# It's not a race!



## Technophobe (Feb 15, 2010)

Had the TT for just over a month and although I anticipated it, what's with all these d**kheads who have to burn me off at every set of lights?? I'm no slowcoach, but no boy racer either - fast enough to get on, steady enough not to be a menace. What gets me is how many of these characters aren't kids in hot hatches (or wannabe hot hatches that are just clapped out bangers with huge exhausts) but middle age guys in family saloons - and people say the TT reflects MY mid-life crisis 

On way back from dropping my son off last night and a black A4 estate pulled alongside - lights changed and he screamed off with a noise that caused me to worry for the poor vehicle. How many of you care about your car enough like me to refuse to play their stupid game?


----------



## roddy (Dec 25, 2008)

Technophobe said:


> Had the TT for just over a month and although I anticipated it, what's with all these d**kheads who have to burn me off at every set of lights?? I'm no slowcoach, but no boy racer either - fast enough to get on, steady enough not to be a menace. What gets me is how many of these characters aren't kids in hot hatches (or wannabe hot hatches that are just clapped out bangers with huge exhausts) but middle age guys in family saloons - and people say the TT reflects MY mid-life crisis
> 
> On way back from dropping my son off last night and a black A4 estate pulled alongside - lights changed and he screamed off with a noise that caused me to worry for the poor vehicle. How many of you care about your car enough like me to refuse to play their stupid game?


its called a "learning curve ",, enjoy !!! :wink:


----------



## denimblue225turbo (Aug 28, 2009)

i am plenty stupid enough  ......to be honest i probably dont help, but unless i am really cruising and cant be bothered (which at lights i never am) i will entertain most things at the lights but only if i know i have got about an 90% chance of beating it, you get the odd surprise of what you think is a chav in a saxo, turns out to be a turbo that weighs about 10 kilo's! But the mid life crisis gang in their people carriers make easy pickings :lol:


----------



## Dash (Oct 5, 2008)

I rarely witness this! I guess it's the kind of place I live, there aren't a lot of two lane roads, and there is little chance to get up to speed.
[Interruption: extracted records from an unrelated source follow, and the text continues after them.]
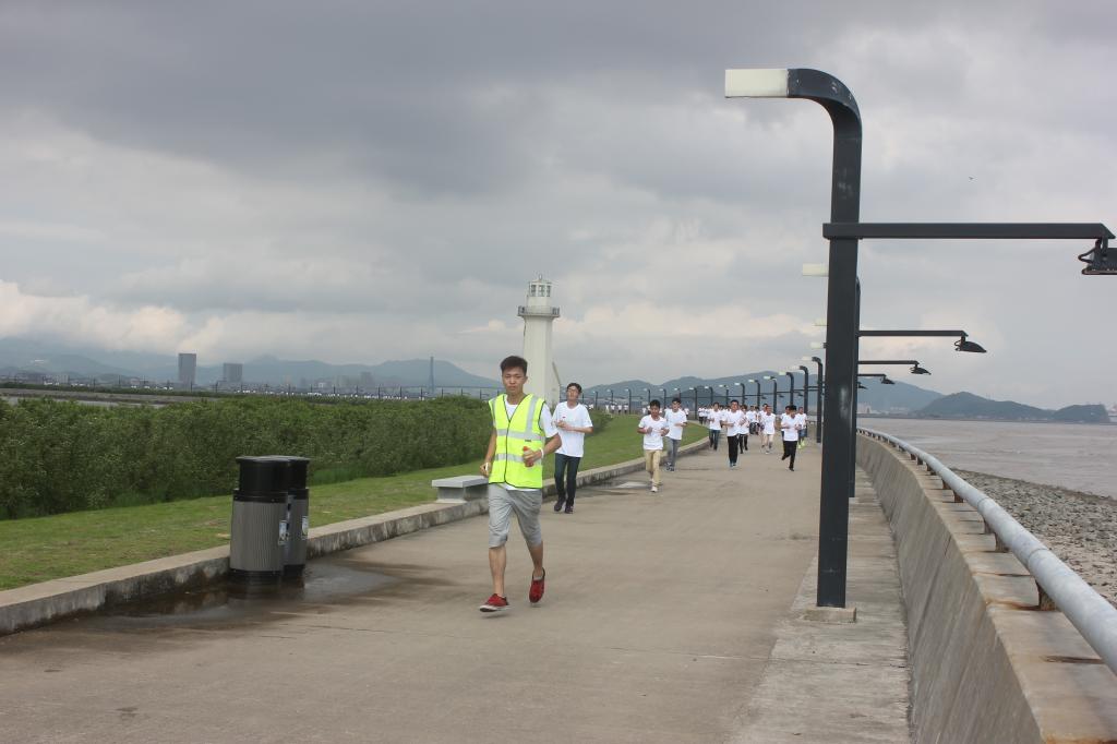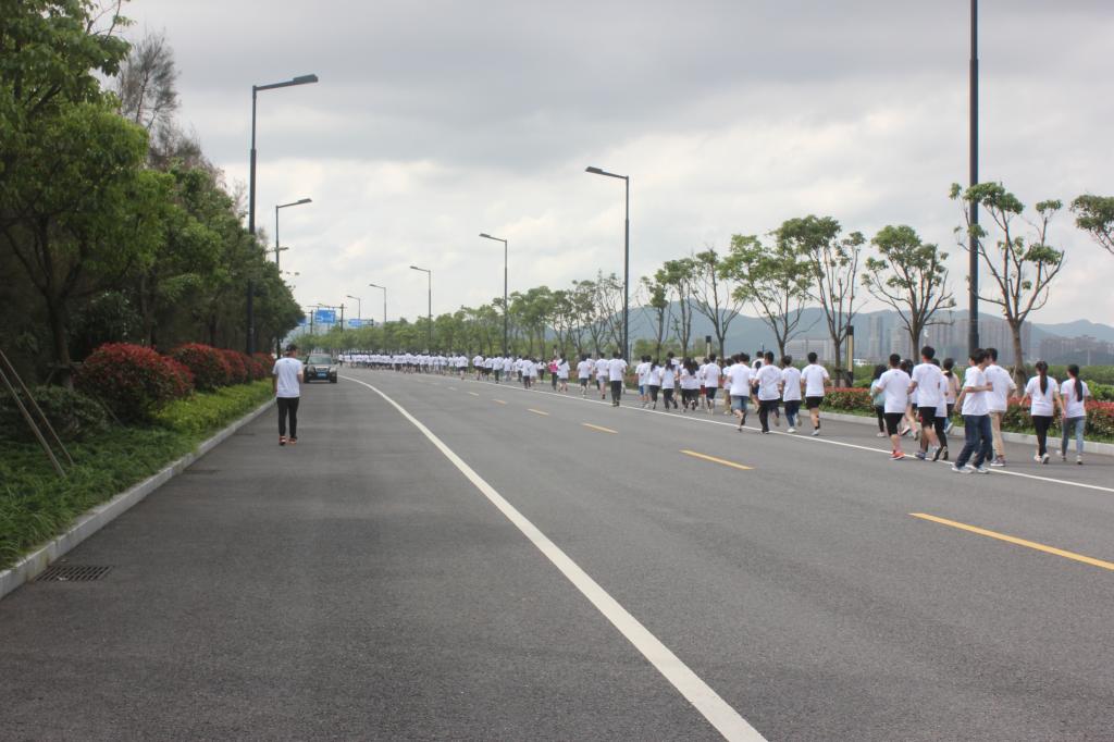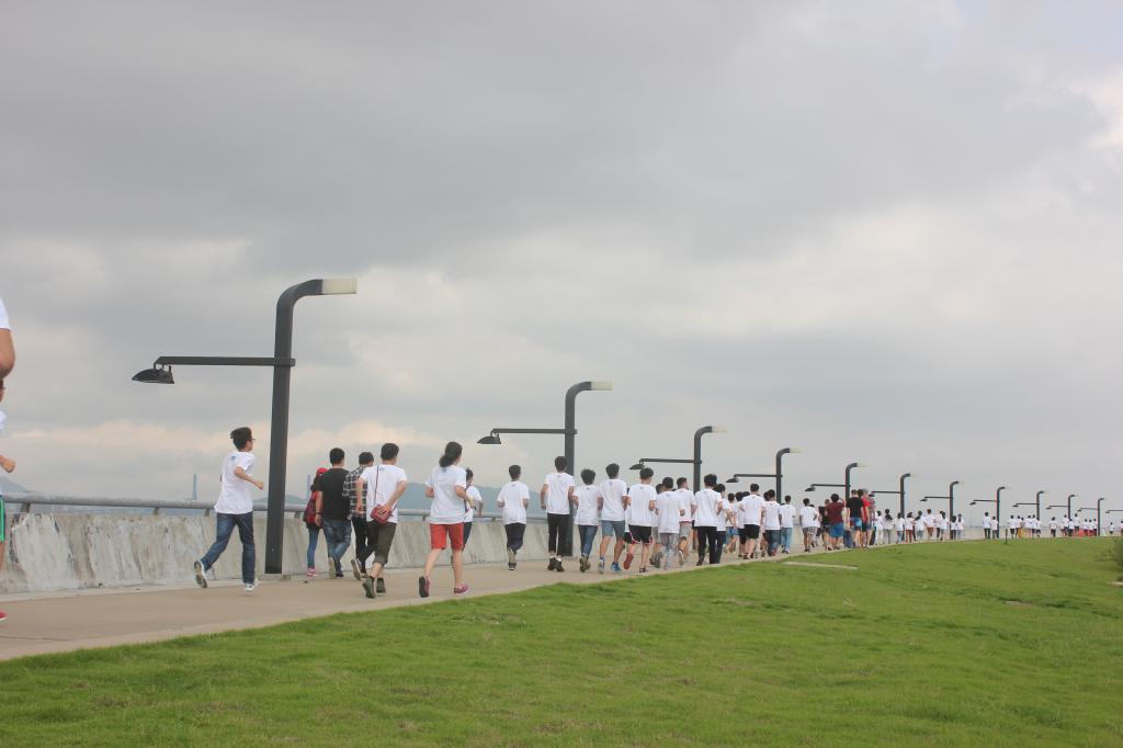 慢跑长龙在揽月湖堤坝
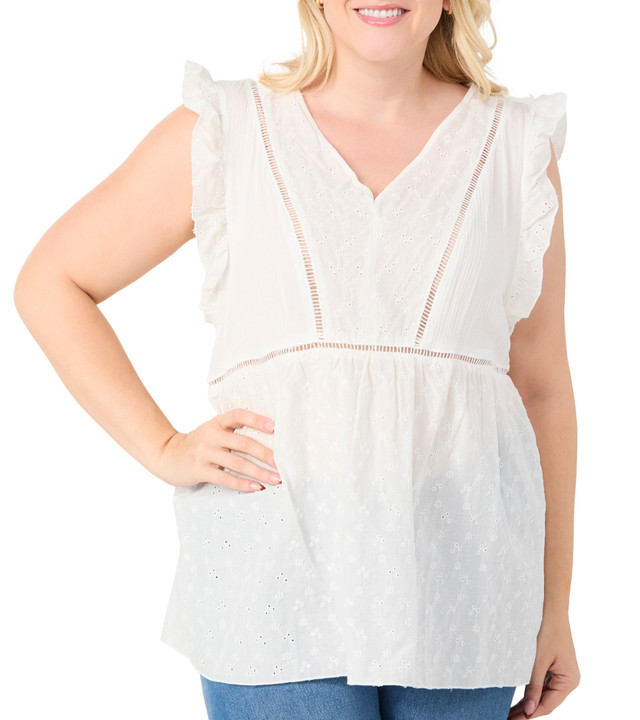 Add timeless charm to your look with the Flutter Sleeve Eyelet Top. Featuring delicate eyelet detailing and graceful flutter sleeves, this lightweight blouse blends feminine style with everyday comfort.
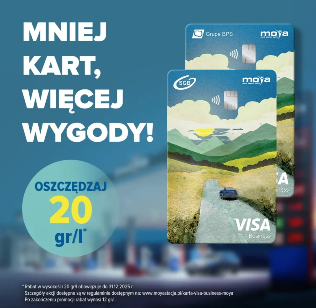 MOYA, ogólnopolska sieć ponad 500 stacji paliw należąca do Anwim S.A., we współpracy z Visa oraz Bankami Spółdzielczymi Zrzeszeń BPS i SGB, wprowadza na rynek nowe rozwiązanie dla biznesu – kartę Visa Business MOYA. To narzędzie płatnicze, które łączy funkcje klasycznej karty płatniczej z funkcjonalnością karty flotowej. Odpowiada tym samym na potrzeby przedsiębiorców, którzy poszukują wygody, bezpieczeństwa i dodatkowych benefitów.
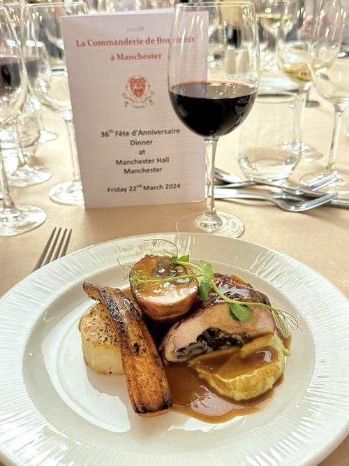 The Maître welcomed everyone and reminded us of past Fêtes of the Commanderie de Manchester – 36 years and still going strong! The meal started with a somewhat unusual choice of white onion soup but any doubts some members had were soon allayed as it was full of flavour yet light. The accompanying wine – “R” de Rieussec 2017 – worked beautifully with it, showing rich fruit and an excellent balance.
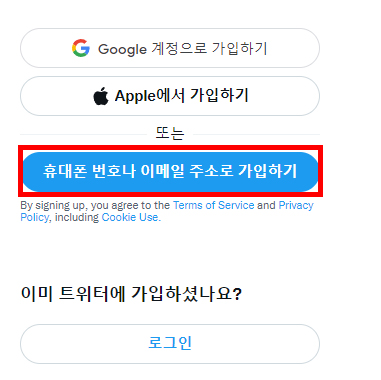 먼저 트위터 사이트 가서 휴대폰 번호나 이메일 주소로 가입하기를 선택해주세요.
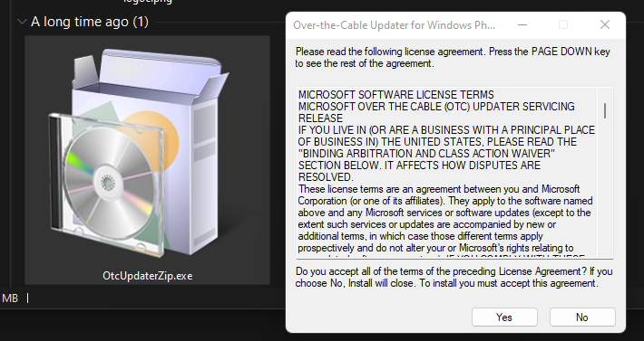 Now that the patch is in place and we have a destination folder, run OtcUpdaterZip.exe

There is a crawler lane near me which is where you sometimes get people giving it some beans, there was one last night. But as far as I know, he was just wanting to go quickly, it's up-hill and in the country. I always put my foot down, doesn't mean I'm racing.


----------



## Bikerz (Aug 23, 2008)

Yeap I find this and im only 23. Its always middle aged men, young lads in nice cars (i like to include myself in this bracket :lol: ) Give you a nod and off you go and a quick but steady pace. Its the company car drivers who dont give a ***** about the car they are in. Maybe Im too old before my time. :roll:


----------



## Nilesong (Jan 19, 2009)

I can't be bothered with them.
Driving in London, you're rarely going to go above 30 mph anyway. It's quite satisfying letting some gonk pull away quickly from the lights only to be caught up at the next set of lights (which are probably only 10 yards down the road) by me.
Aaaah I love the smell of burning clutches in the morning!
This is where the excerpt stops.